Topic A:
Here in the Tri-State, we're really lucky to have so many great Fortune 500 companies to work for: P&G, Kroger, Fifth Third, Macy's, GE… just to name a few. But one of these companies in particular has had a really rough few years - especially when it comes to its stock.
General Electric employs about 9,000 people in the Tri-State… so it's probably a reasonable guess to say some of you listening tonight work for GE. And, it's also reasonable to guess, that some of you probably own a lot of GE stock…. Which isn't a good thing if you're banking on all that stock to be your retirement plan.
To add insult to injury, GE is expected to announce a decision to break itself up as early as this spring, with a split likely, CNBC reported on Jan. 16.
Always remember ths SMA rule: Indivdiual stocks should make up no more than 10% of your total investments. This is especially true if you WORK for the company as well. You don't want to tie your current income AND too much of your future income to one company. This rule applies to EVERYONE, no matter who you work for!

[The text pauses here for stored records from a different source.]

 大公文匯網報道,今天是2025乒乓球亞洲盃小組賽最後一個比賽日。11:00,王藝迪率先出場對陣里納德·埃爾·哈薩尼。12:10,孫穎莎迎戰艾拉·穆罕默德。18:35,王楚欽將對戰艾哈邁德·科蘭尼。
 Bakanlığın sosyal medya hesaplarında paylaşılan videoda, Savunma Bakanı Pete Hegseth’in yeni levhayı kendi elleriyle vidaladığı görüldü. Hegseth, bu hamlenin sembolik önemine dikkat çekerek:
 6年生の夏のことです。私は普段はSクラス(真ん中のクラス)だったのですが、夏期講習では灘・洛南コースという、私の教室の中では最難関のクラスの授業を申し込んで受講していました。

And also keep this in mind... there are 3 general reasons to sell a stock:
If you need the money: There may be times when you are strapped for cash. You may have underestimated your tax bill or need extra cash for some house repairs. Whatever you need the money for, make sure you talk to your tax advisor and financial advisor before selling any stock.

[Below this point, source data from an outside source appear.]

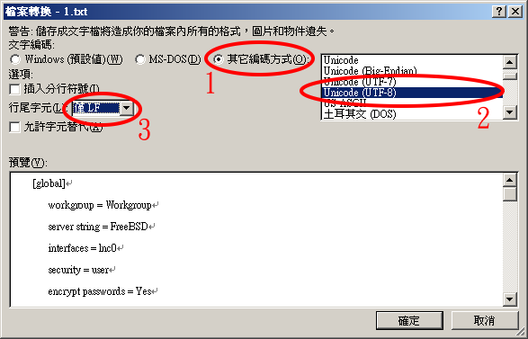 您必须特别注意的是,由于 Samba 3.0 支持 Unicode (UTF-8),如果您要将共享数据夹名称设定为中文,请使用支持 UTF-8 的文书编辑器来编辑 smb.conf,并在存盘时将档案存成 UTF-8 的纯文字格式。Windows 支持 UTF-8 的文书编辑器如 Word、UltraEdit、EmEditor,在存盘时,必须使用 UNIX 的换行格式。以 Word 为例,在存盘时,我们将档案存成纯文字文件 (txt),接下来会出现下列选单:
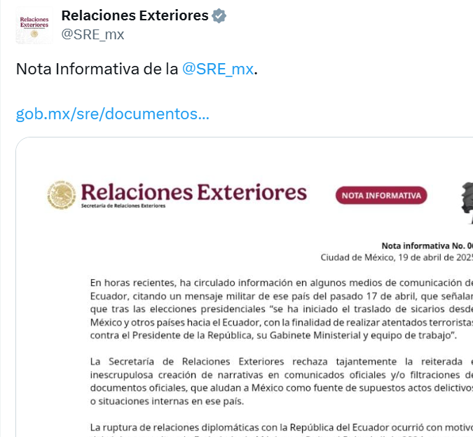 La Secretaría de Relaciones Exteriores de México calificó las versiones como “reiteradas e inescrupulosas narrativas” y negó categóricamente cualquier vínculo con actividades delictivas que afecten a Ecuador o su situación interna.
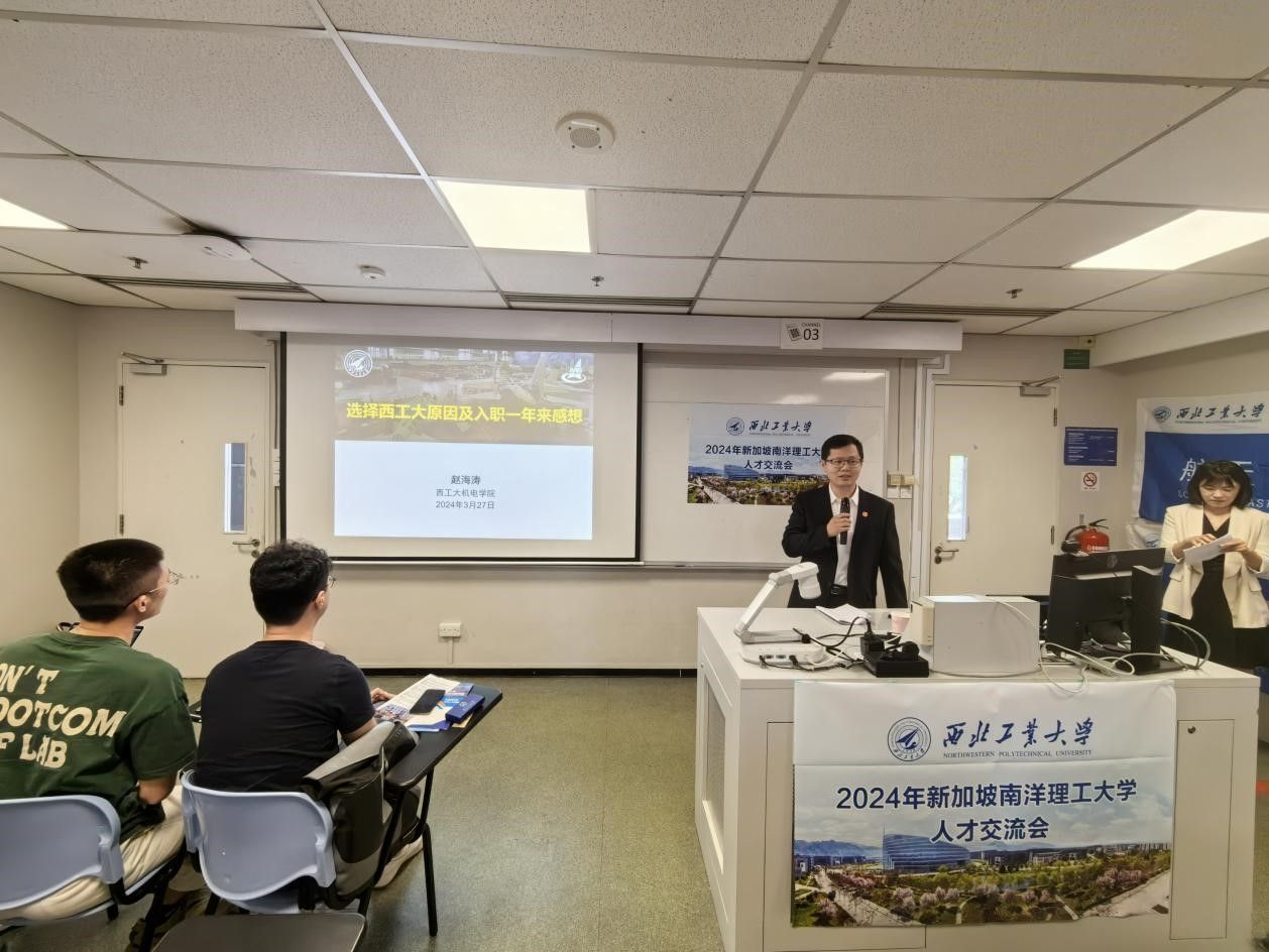 南洋理工大学的人才交流会上,赵海涛作为青年教师代表发言,他向参会青年学者介绍了自己选择学院原因以及入职学院一年以来的感想。他表示,校院两级对于优秀人才的需求和重视程度一致。为了给优秀青年教师提供良好的发展环境和支持,学院在政策、平台、经费等多维度全力支持,专门建设了友谊校区天工开物人才特区以及长安先导航宇制造人才特区,此外学院还额外提供优厚的薪酬待遇和运动场馆福利,诚邀优秀青年学者加入,一起公为天下,报效祖国。
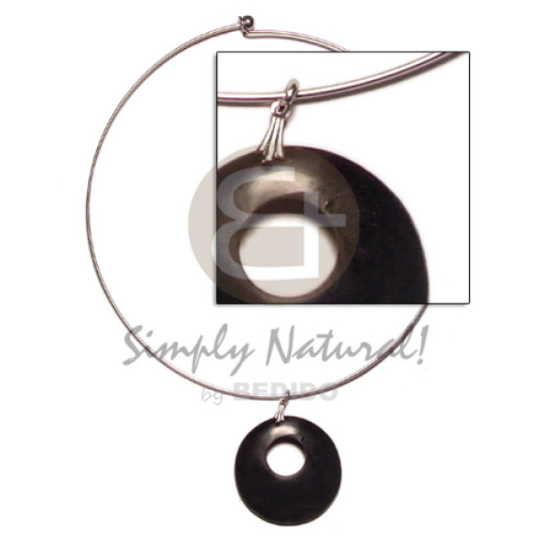 nickel-free silver hoop ring 40mm black horn round middle hole..
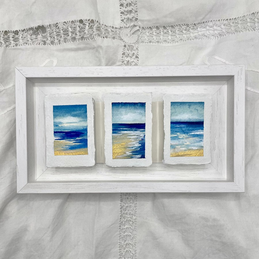 Housed as a triptych in an open floating frame, and hand signed by the artist. On A8 sized Khadi rag paper with deckled edges.
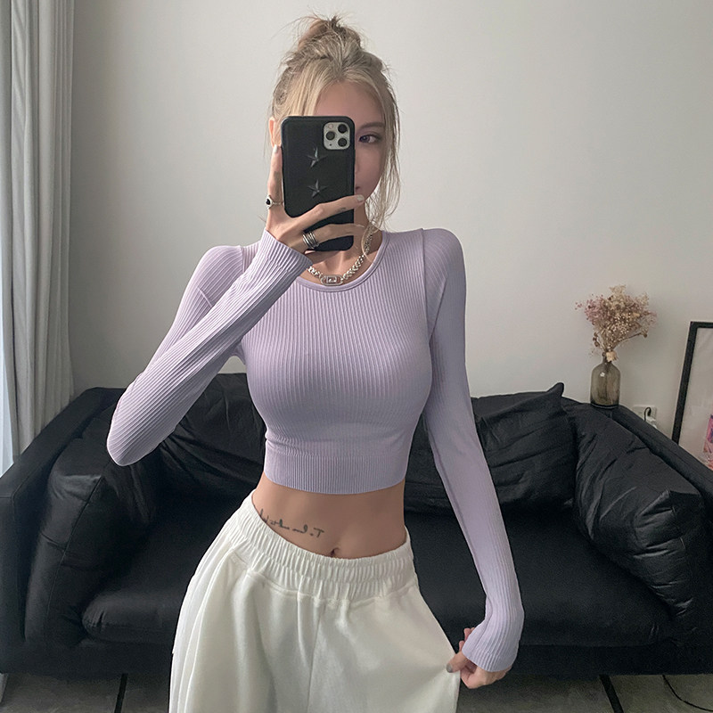 健身女孩带胸垫运动瑜伽服长袖外穿普拉提短款紧身显瘦跑步上衣秋

There is something fundamentally wrong with the company: Remember Blockbuster? With the creation of Netflix and on-demand services, it was a struggle to compete. Blockbuster didn’t change its business plan in enough time to turn the company around.

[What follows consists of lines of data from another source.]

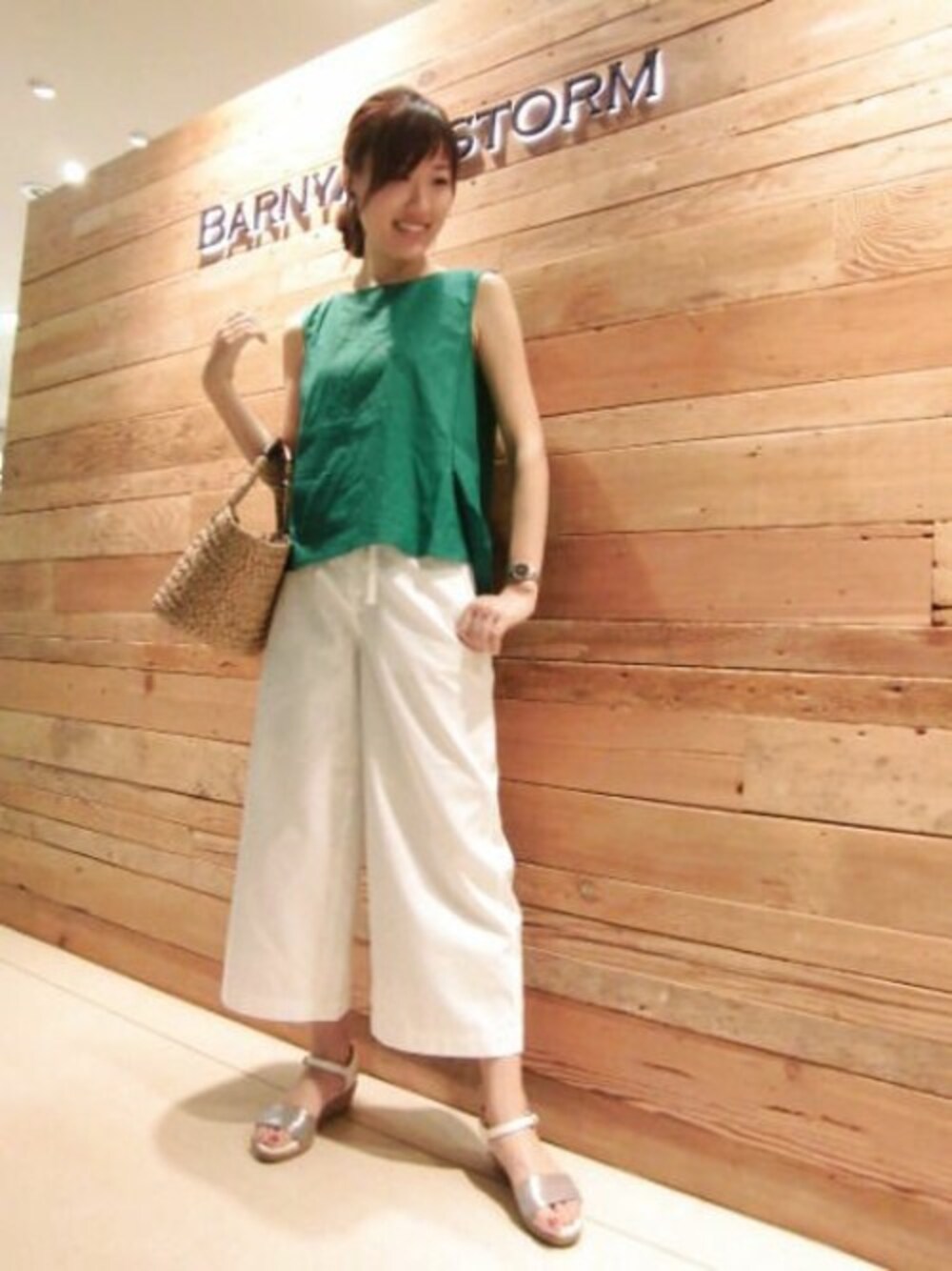 爽やかな大人カジュアルスタイル。 グリーンのブラウスは麻の素材でスカートでもパンツでも◎。 ワイドパンツはしっかり裏地もついているので透け感を気にせず履いていただけます。
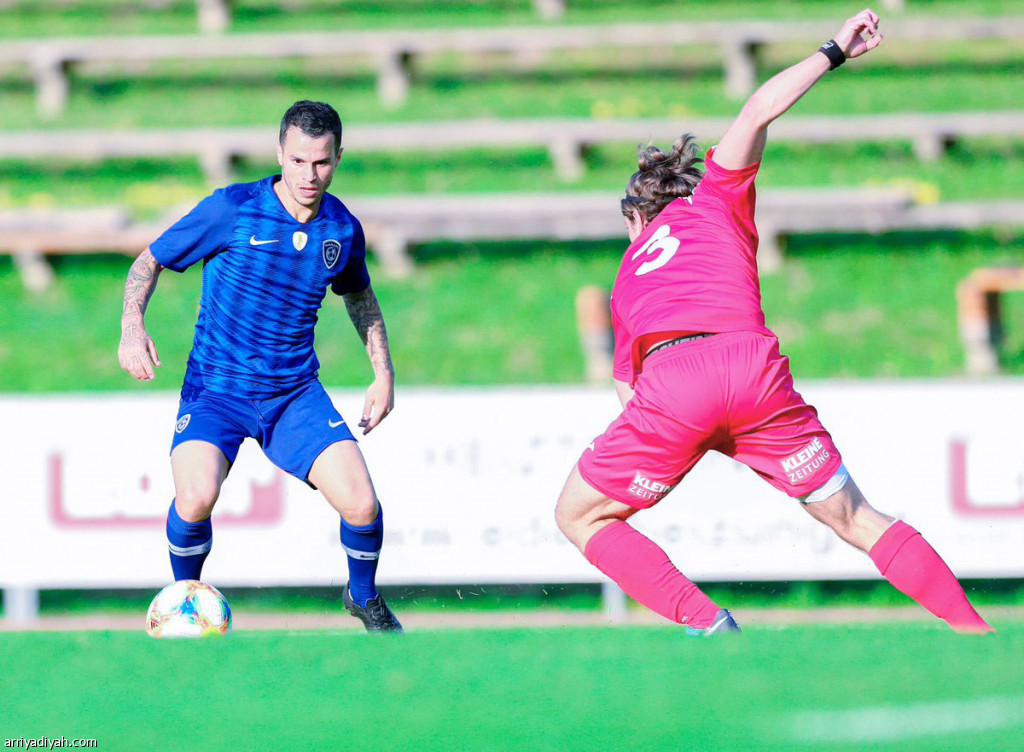 صورة التقطت للإيطالي جيوفينكو لاعب الهلال يحاور أحد لاعبي سبيتال النمساوي (المركز الإعلامي ـ الهلال)
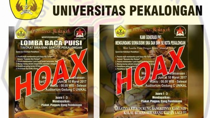 Dengan hormat, sehubungan dengan beredarnya berita di media sosial maupun media cetak berkaitan erat dengan Institusi kami Universitas Pekalongan (UNIKAL) yang berisi tentang “Lomba Baca Puisi Karya Wiji Thukul, yang diseleggarakan oleh organisasi yang mengatasnamakan Gerakan PKI di UNIKAL” adalah SANGAT TIDAK BENAR itu jelas sekali berita HOAX, karena UNIKAL tidak menyelenggarakan lomba baca puisi sebagaimana leaflet tersebut. Itu perbuatan orang yang tidak bertanggung jawab yang ingin mencoreng nama Universitas Pekalongan. Sampai dengan saat ini masih dalam penyelidikan pihak yang berwajib. Demikian klarifikasi atas fitnah terhadap Institusi Unikal.
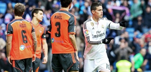 James Rodríguez (d) celebra el gol marcado a la Real Sociedad, durante el partido de la vigésimo primera jornada de Liga de Primera División. EFE
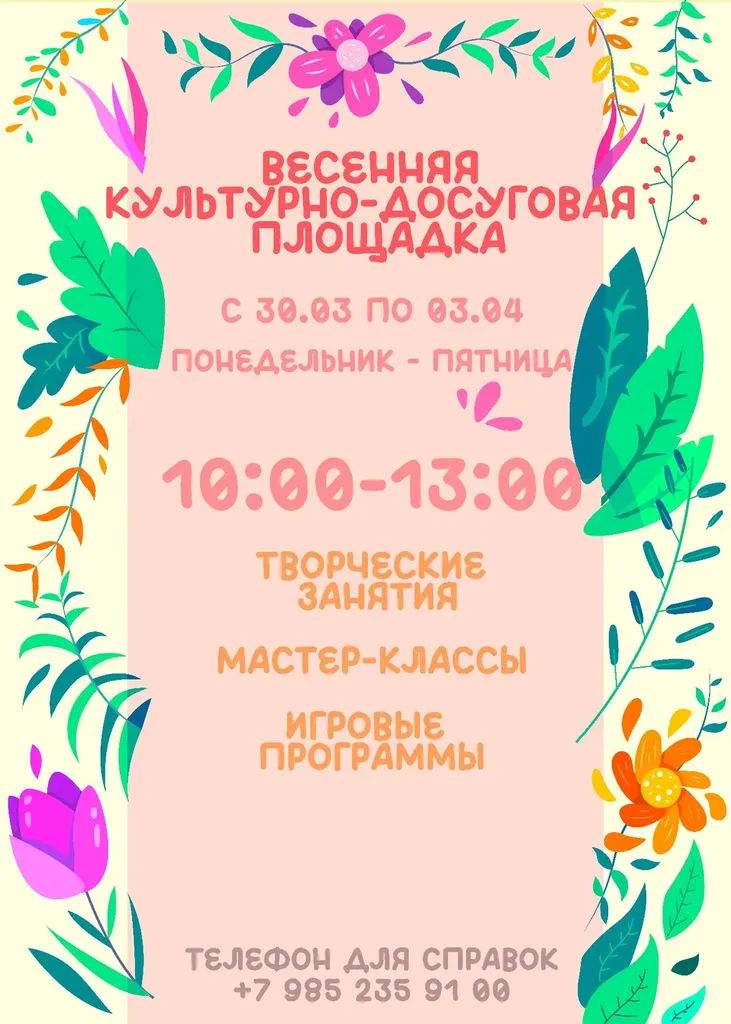 Время: 30 марта – 3 апреля, 10:00 – 13:00

Other investment options might be better for you: It could be the case that owning that stock you have just doesn't make sense any more for your risk tolerance, retiremement goals, whatever.
HERE'S THE SIMPLY MONEY POINT
Just because you work for a "big" company doesn't mean its stock isn't vulnerable to price drops. Be smart about how much you own.
#2: Enquirer
Every Sunday, Simply Money is answering your money questions in the Cincinnati Enquirer.
James in Sayler Park: I’m 58 and just learned that my company allows for a 401(k) in-service distribution at age 59 1/2. Is this something you recommend doing?
#3: Budgeting
Make a budget (and then make another one): As a freelancer, your pay can be unpredictable. So as you create a budget, start with your EXPENSES (not your income). This will help you determine how much you need to be making each month to keep the lights on, so to speak.
Also, you should try to make TWO budgets: one for your business needs and one for your personal needs. This will help you know how much you'll need to earn to live the lifestyle you want.
Build an emergency fund: Simply Money generally suggests having an emergency fund that covers 3 to 6 months work of expenses. But if you're a freelancer, you might want to bump up that coverage (6 to 9 months, or even 9 to 12 months). This will give you a cushion if you are between projects or you face an unexpected expense.
File your taxes quarterly: If you’re self-employed and expect to owe $1,000 or more in federal income tax, the IRS requires that you file estimated quarterly taxes. You might also have to make estimated tax payments if your tax in the previous year was greater than zero.
Save for retirement: As your own boss, you’ll have to take retirement savings into your own hands— and you won’t have perks like matching funds to incentivize you. But you still have options. Self-employed workers have several options for retirement savings accounts, including an "individual 401(k) / Solo 401(k)," Roth IRA, and taxable investment accounts.
HERE'S THE SIMPLY MONEY POINT
Just because your paycheck might be unpredictable as a freelancer doesn't mean your personal finances have to be. Make sure you're taking budgeting and saving seriously.